Locked down in stunned, helpless isolation with the exit sign switched off, I heard that Michael had died, without a warning or a goodbye. The contemporary prophet of public space and urban conviviality died in a hospital—one of the last places where physical proximity is still possible, indeed, unavoidable. The virus diagrams the kind of social interaction that Michael championed in a vibrant city that had now nearly totally close down, the price of human contact having become too high.
On the evening when the horrible message arrived, the people of our London neighbourhood, seeking some form of communion, stood each at their own window to clap for the medical workers like those who were by Michael’s side in his last days, risking their lives to try to save his and ours. Michael was our family friend—Alma, my daughter, was spoilt being his god-daughter—and so we were at our window, simultaneously sobbing, clapping, and hitting pots with wooden spoons, giving Michael the send-off we thought he’d appreciate. The rest of the mourning must be done in isolation—and my heart goes to Joan who cannot benefit from the proximity of those that loved them dearly.
Michael was also my architectural god-father. In a number of small but crucially corrective interventions, he put me on my path. He read my books when they were still drafts, giving comments, helping find titles and publishers. Only a few weeks ago he took the time to campaign for me when I was not allowed to travel to the United States, just as he often did for others less privileged.
We met in 1994, when, as a young admiring student at the AA, I was one of those campaigning for him to be the new director of the school. When Michael finally won the vote and got the post, he decided to decline it, opting instead to pursue his own singular path: he set up his studio, founding the research organization, Terreform, the publishing imprint UR (Urban Research); and became the Director of Graduate Design at the City College, where he was Distinguished Professor. In short he constructed on his own a polymorphous entity through which to realize various aspects of his wide urban visions. At the same time, he continued to advocate his ideas in a stream of essays and books, and to sketch them in numerous visionary schemes and drawings. (Many of the latter are still unpublished, but Joan assures me that they will coming out soon.)

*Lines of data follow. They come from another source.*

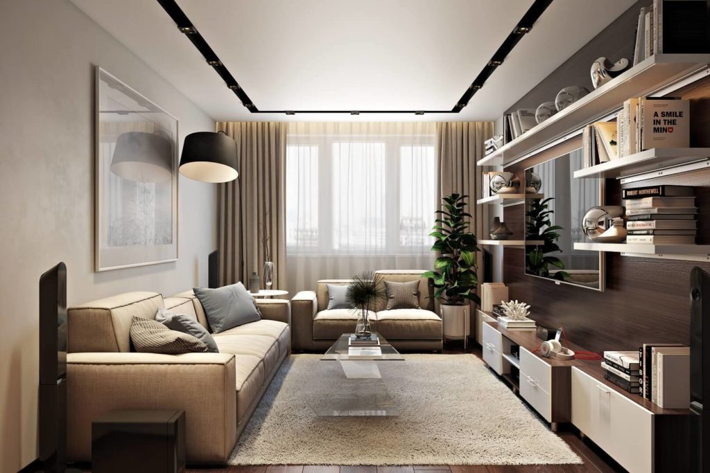 Moderne ontwerpers kunnen de woonkamer gezellig, harmonieus en tegelijkertijd functioneel maken.
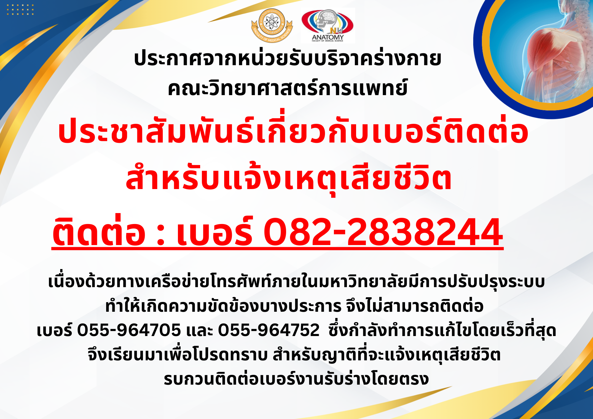 ประกาศจากหน่วยรับบริจาคร่างกาย คณะวิทยาศาสตร์การแพทย์
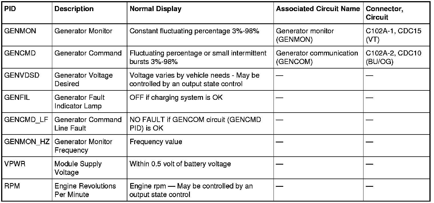 The PIDs and their associated descriptions used in the charging system diagnosis are listed below:
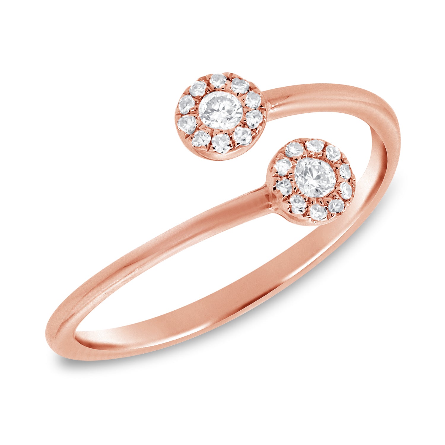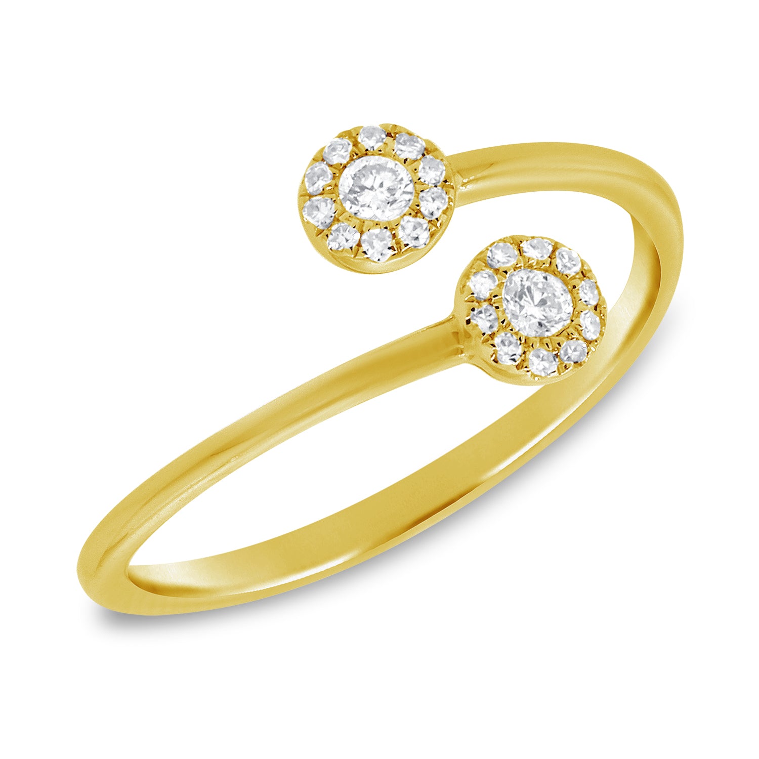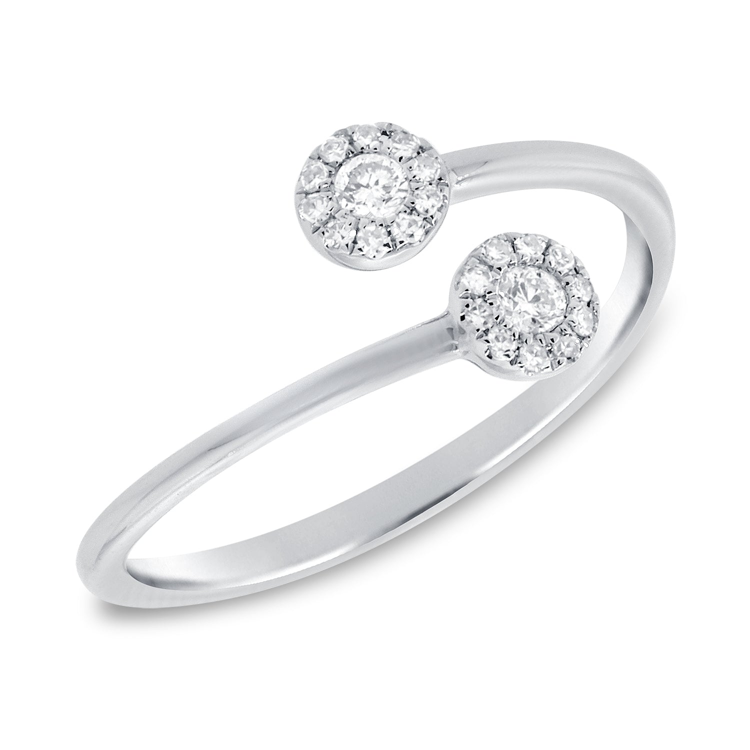 Modern elegance meets timeless sparkle with this 0.16-carat Diamond Illusion Wrap Ring. Designed with twin round diamond halos for maximum brilliance, this open wrap silhouette radiates sophistication. Available in 14K white, yellow, or rose gold for a chic, everyday statement.
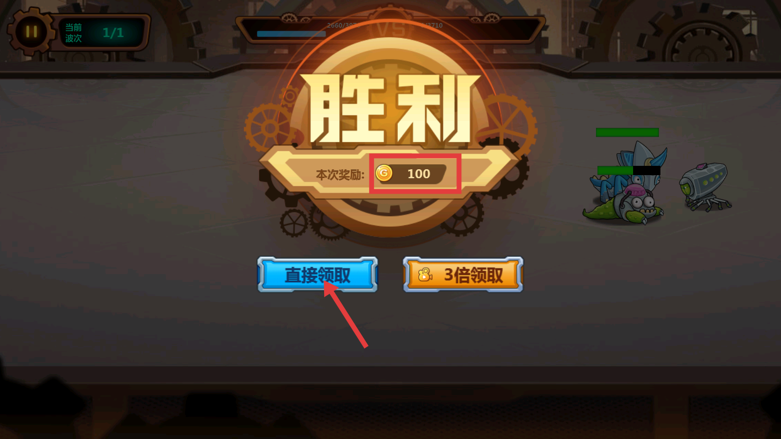 4、战斗胜利后,界面显示【胜利】,本次奖励100金币,点击【直接领取】即可获取奖励。
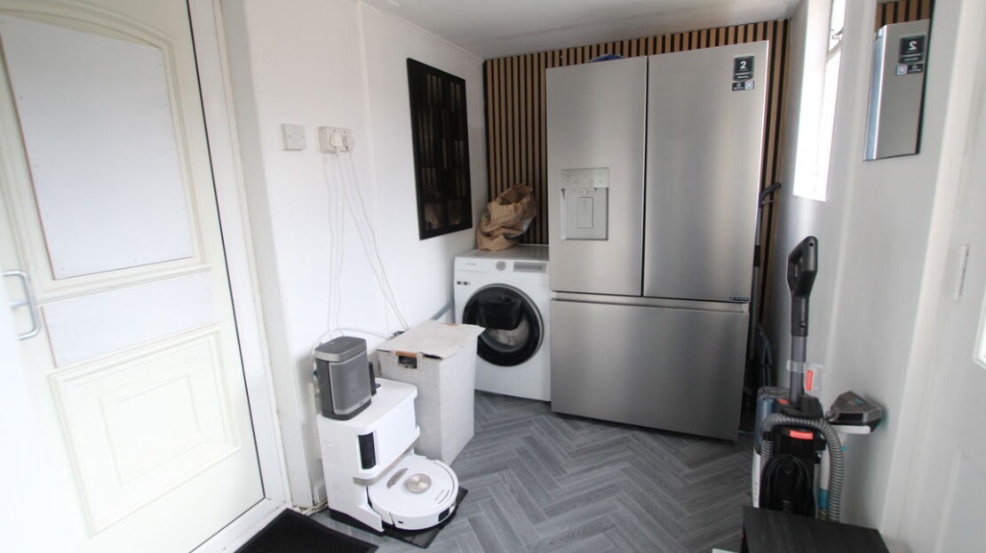 Window and door to side elevation to garden, further door to opposite side elevation to garage and driveway, plumbing for washing machine, space for fridge freezer.
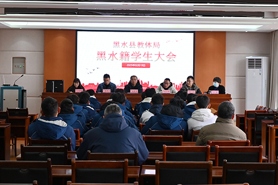 2月19日黑水籍學生大會上,黑水教體局領導對全體黑水籍在校學生開展感恩教育、養成教育。
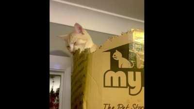 He likes to destroy boxes. He was found in a box by the side of the road at 2 weeks old.
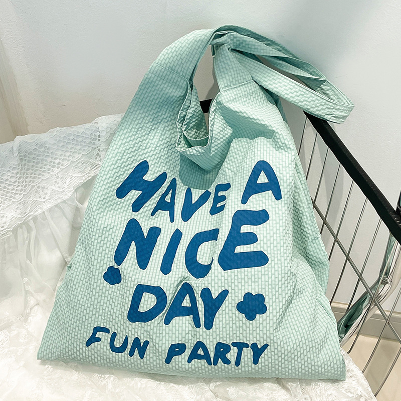 韓国版 2025 新しいレタープリントカジュアル大容量トートバッグ軽量旅行怠惰なスタイルのショルダーバッグ
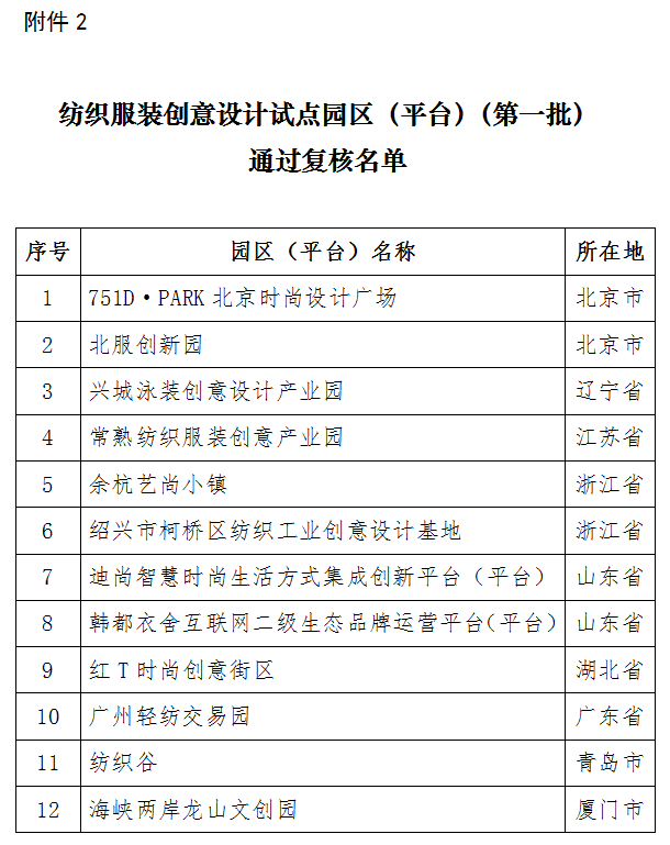 附件:紡織服裝創(chuàng)意設(shè)計(jì)試點(diǎn)園區(qū)(平臺(tái))(第一批)通過復(fù)核名單
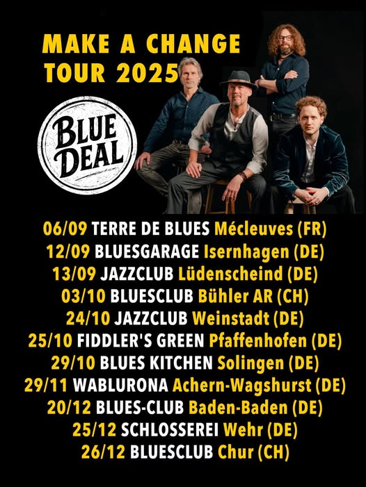 Avec « Make a Change« , son nouvel album à paraître le 10 octobre 2025 via le label Dixiefrog, BLUE DEAL – le porte-drapeau emblématique du blues rock allemand – fait un retour en force.
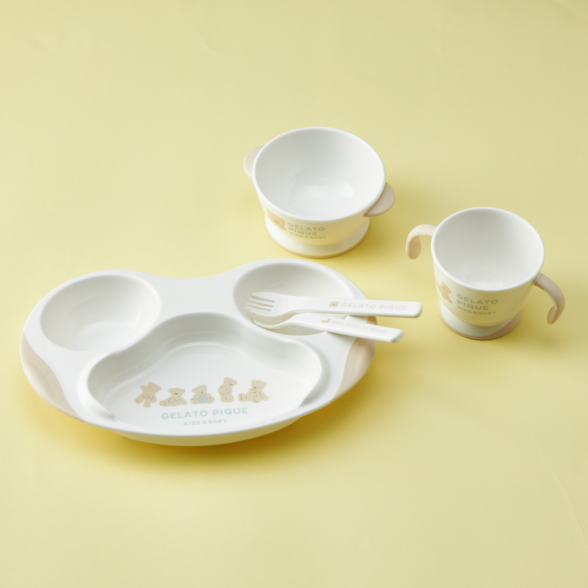 “大人のデザート”をコンセプトにしたルームウェアブランド「gelato pique(ジェラートピケ)」より、ファーストディッシュセットをお届け。赤ちゃんの初めてのお食事に安心してお使いいただけます。すべてのアイテムに、可愛らしいくまさんがプリントされています。
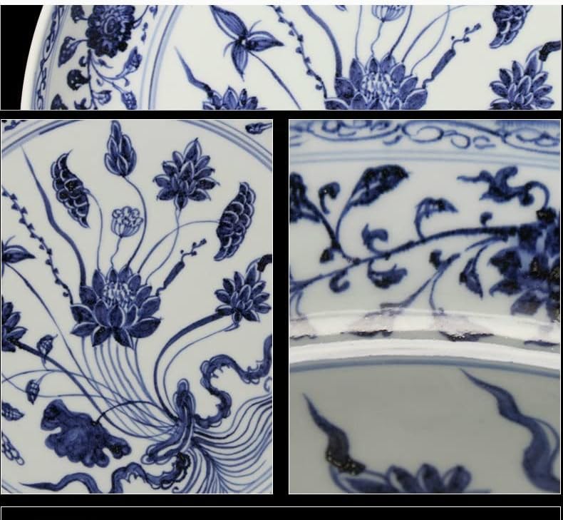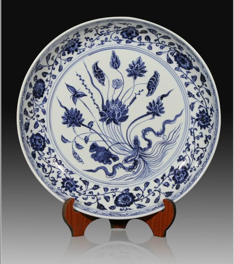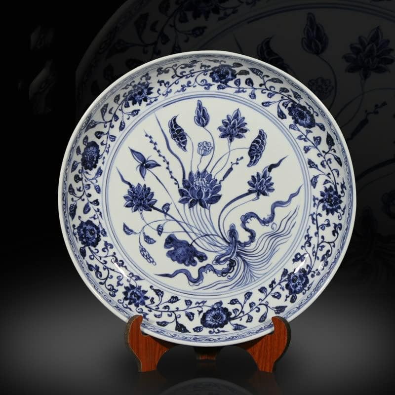 LIUYUNQI 16 Inch Antique Classic Hand Painted Blue and White Decoration Round Ceramic Plate
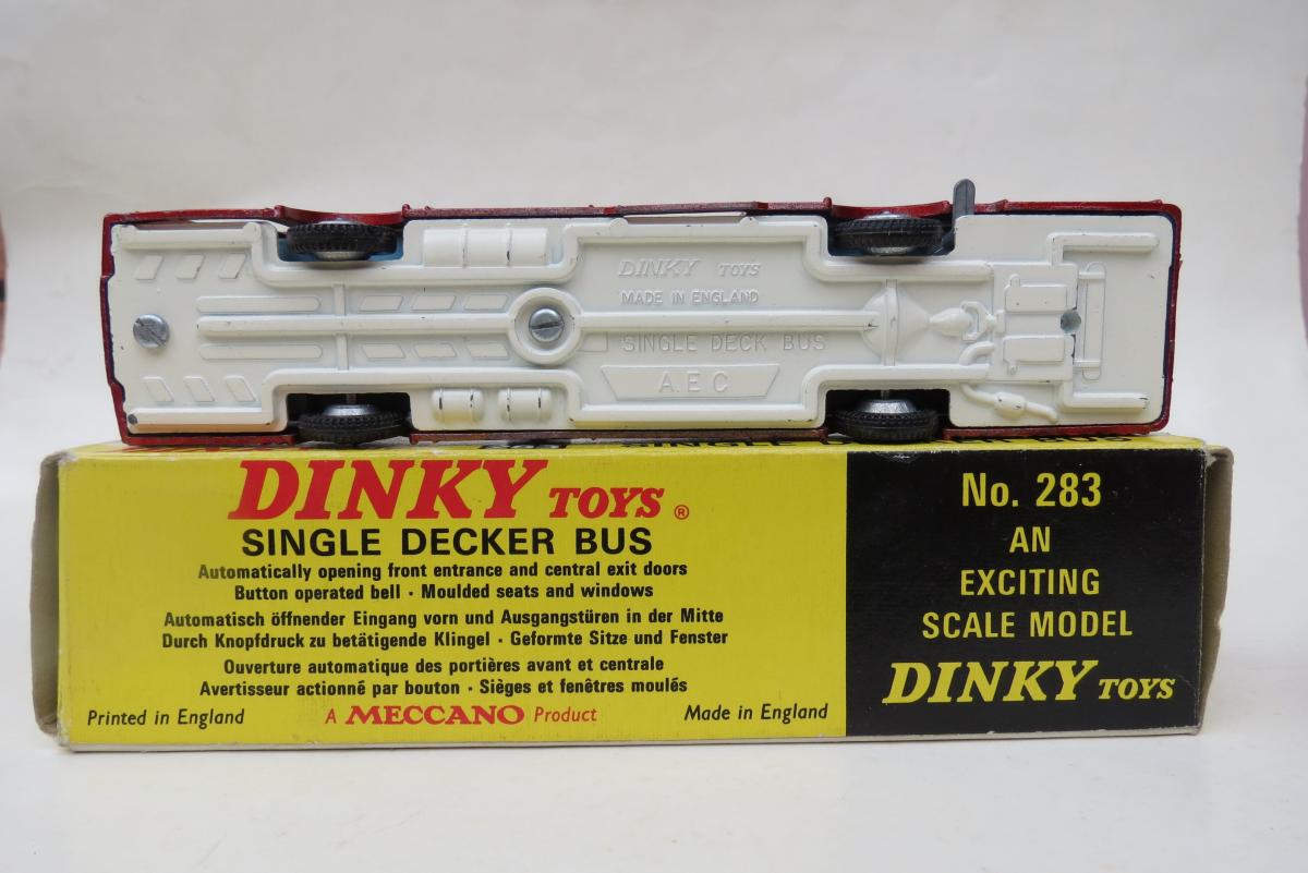David It is possible that the photograph in the June 1971 Meccano Magazine was that of the metallic red version which apparently was issued at the same time as the red non-metallic version. I was always under the impression that the metallic version came out later, but it is quite possible both colour reds were used at the same time as the box has the notation 'Colour of model may differ from illustration', with a similar wording also appearing on the back page advertisement in the June 1971 MM. The artist may have also used the metallic version for his catalogue artwork. Below are some photographs of my metallic version mentioned in my last Post that I have just located. It is interesting that the manufacturer AEC was not included on the box or any of the sales material but it was mentioned in the MM article as well as being engraved in the base plate! This is not the only Dinky Toys model where the manufacturer' name is not mentioned. It is also interesting that the title of the bus is SINGLE DECKER BUS on the box but the base plate refers to it as a SINGLE DECK BUS! Even the MM article cannot decide which to use, as the headline for the story of the 283 mentions SINGLE-DECK BUS (with a hyphen) and yet the story itself refers to the model being a SINGLE-DECKER BUS! It is difficult to date when your 283 went on sale, as on its release its retail price was1.19. which remained thus at least until February 1972, but by April 1972, the retail price had dropped to line-height: 21px; 1.17. By May 1974, the price had increased to line-height: 21px; 1.49 and by February 1975 it was again on the way up at 1.99, So it is possible, based on the trend at the time from its launch until April 1972, it is possible your model continued that trend from April 1972 until April 1974 when the price may have dropped to 1.15. Unfortunately, my metallic red version has no retail price written on it. Kind regards Bruce (150) 20160612/940/2330

Drawing on the vocabulary of 1970s New York activism, he expanded the spectrum of architectural and urban action: sit-ins, town-hall-meetings, petitions, appeals, the writing of codes and bills of rights. Learning from his struggles with the kind of New York developers that now run the US, he brought his sense of urban justice, and feisty activism to Palestine, Northern-Ireland, and the US Mexico border. Since architecture was part of the problem, it owed a certain debt, and Michael encouraged architects to pay up by inventing solutions.
In 1998, an impish trickster, Michael seduced a group of Palestinian and Israeli architects and other intellectuals to a conference on occupied and segregated Jerusalem at a lake-side villa in Bellagio, Italy. It was here that I first met Suad Amiry, Rashid Khalidi, Omar Yusuf, and Ariella Azoulay. We listened together as Michael insisted, more optimistically than most of us, that we could use architecture to do something about this injustice, although he understood that, by itself, unaccompanied by the fundamental political changes we must all struggle for, architecture could do very little. His subsequent book-projects on Palestine The Next Jerusalem, Against the Wall, and Open Gaza demonstrate what he meant.
He was right, at a time when the grip of architecture tightens all around us, when the builders of walls, towers, and digital surveillance systems are in charge, and when authoritarianism is using the global health emergency to encroach on our civil liberties—we all need to channel something of Michael and continue the fight. He will now bring his to gods and angels. Go on Michael, give them hell!